[Haskell-cafe] Cannot update a field in a record with a polymorphic type.

Jon Purdy evincarofautumn at gmail.com
Sun Sep 6 18:13:57 UTC 2020


On Sun, Sep 6, 2020, 7:24 AM Ignat Insarov <kindaro at gmail.com> wrote:

> If a value of the
> transient instantiation of `defaultY` _(that exists only in the moment
> before its field is updated)_ is never observed, why does it need to
> be monomorphized? Why not be lazy about it?


You could just as well ask why ‘(== [])’ or ‘(== Nothing)’ require an ‘Eq’
constraint even though it will provably never be used.
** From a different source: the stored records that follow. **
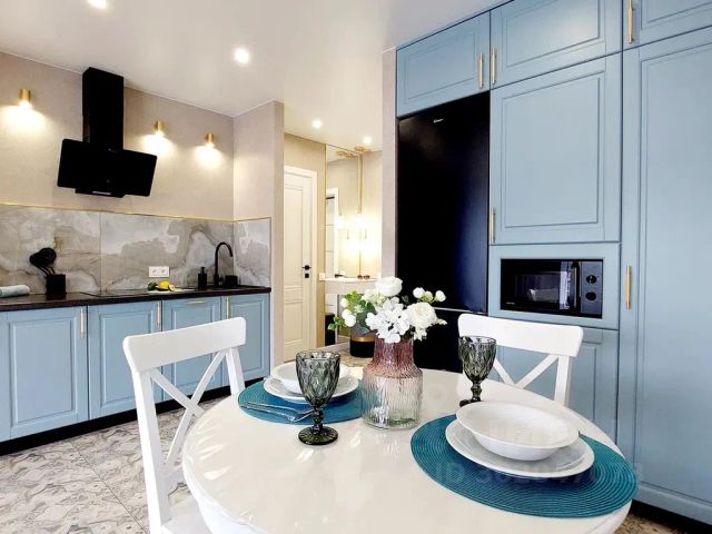Кухня: кухонная мебель, индукционная плита, холодильник, микроволновая печь, стиральная машина, кондиционер, наборы посуды. Все это сделает приготовление пищи быстрым, приятным и не утомительным.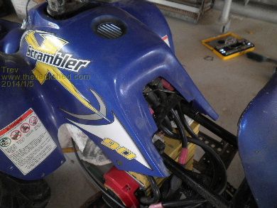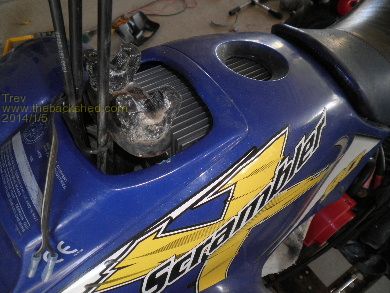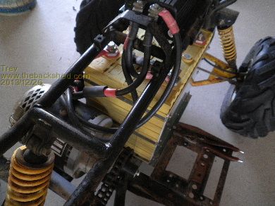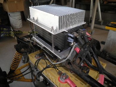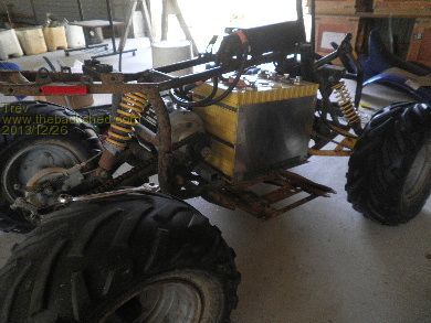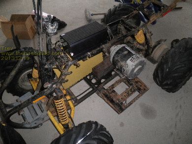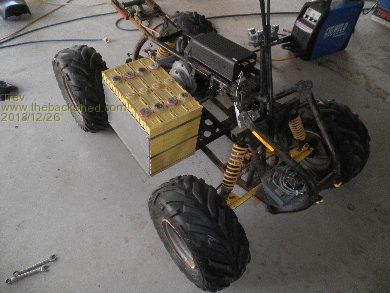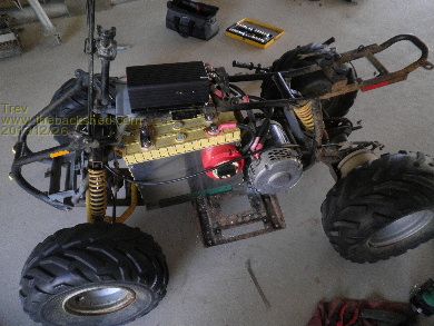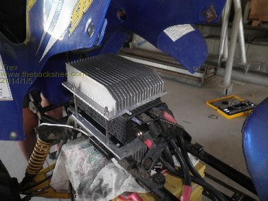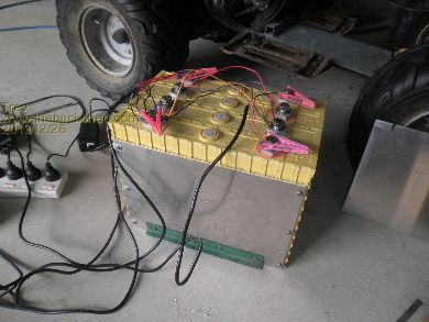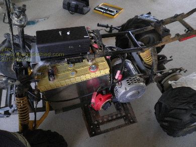 In between work, extended family, and other activities, we continue our little project. Hope everyone had a great Christmas. First up was to get the motor mounted. The motor had to sit out a little into the foot rest area so the sprockets and chain lined up. The front mount was quite simple. Just welded a piece of box tube across the 4 wheeler frame for motor to sit on, bolt to. The back one had to be cut to mould into the 4 wheeler frame on an angle. All good, painted and bolted in the motor. Then it was on to the battery pack mounting. This was quite simple. The frame had to be leveled off some and fitted with a flat bed to sit the battery pack on. The flat galvanised sheet was welded to the 4 wheeler frame. The angle at the bottom of the battery pack, screwed to the side alloy strapping plates, simply bolt through the foot rest frame. With that sorted, the cells were then set up for charging and balancing. All cells connected in parallel and charged with 5 x 3.7v chargers, giving 20A charge rate. These cells are 260ah. The speed controller was bolted to the 4 wheeler frame where the fuel tank used to be. To start with we had the terminals facing forward, but just couldn't get the cables to work neat enough. I am using old cables that came out of the EV Hilux. Ended up removing an old fuel tank bracket, and turning the speed controller so the terminal face backward. The problem with terminals facing backwards was that the seat has to mount under the steel strap there on the frame. The cables had to be kept back from that seat bracket, but worked so much better. The seat still works. No new cables were made. All the high power cables are connected. The dual battery switch is used as precharge through a resister on "number one leg". On "both leg" and "number 2 leg" the high power can flow. The switch is rated for 300amps continuous and 400amp max intermittent. It should handle it. The speed controller is 400amp, but should not need that much to get the 4 wheeler rolling. Trev @ drivebynature.com |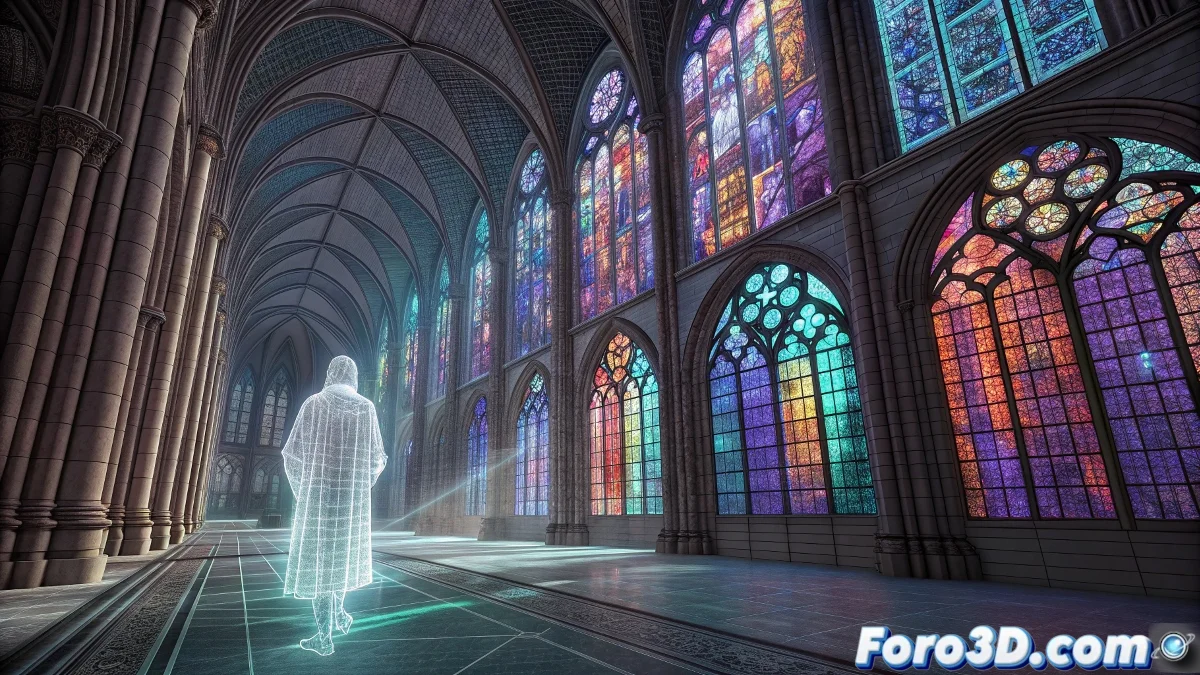Las cámaras animadas permiten recorrer el interior mostrando tanto el efecto del fantasma como la majestuosidad del espacio sagrado, acentuando los detalles de los vitrales y la arquitectura gótica.

The reason, of
course, is that the typechecker is only using purely local reasoning—yes,
if you inlined that function far enough into any use site, it would lead to
showing the ‘Eq’ redundant; and here, if you examined the update as a
whole, you would find the type of the subterm is redundant as well.

The same is true for typeclasses generally—instead of having bounded
polymorphism, we could just substitute types and see what happens, like C++
templates do, but having the requirements stated in the type improves the
predictability of whether something will typecheck, and improves the
quality of error messages when it doesn’t.

Basically, we accept that types will always be an *approximation* of terms.
You can draw the line at different points—with refinement types, you can
reason about the particular values or ranges of integers, for instance,
instead of the coarse-grained ‘Int’. But all solutions that give you finer
granularity also have tradeoffs in terms of ergonomics and predictability.
Haskell has largely chosen to draw the line at “syntax-directed” as our
criterion for how checking ought to work, assigning a type to every subterm
in the same way, without context. This has turned out to be pretty usable
in practice, even if there are some frustrating circumstances like this
where you as a human can plainly *see* a fact that the typechecker cannot.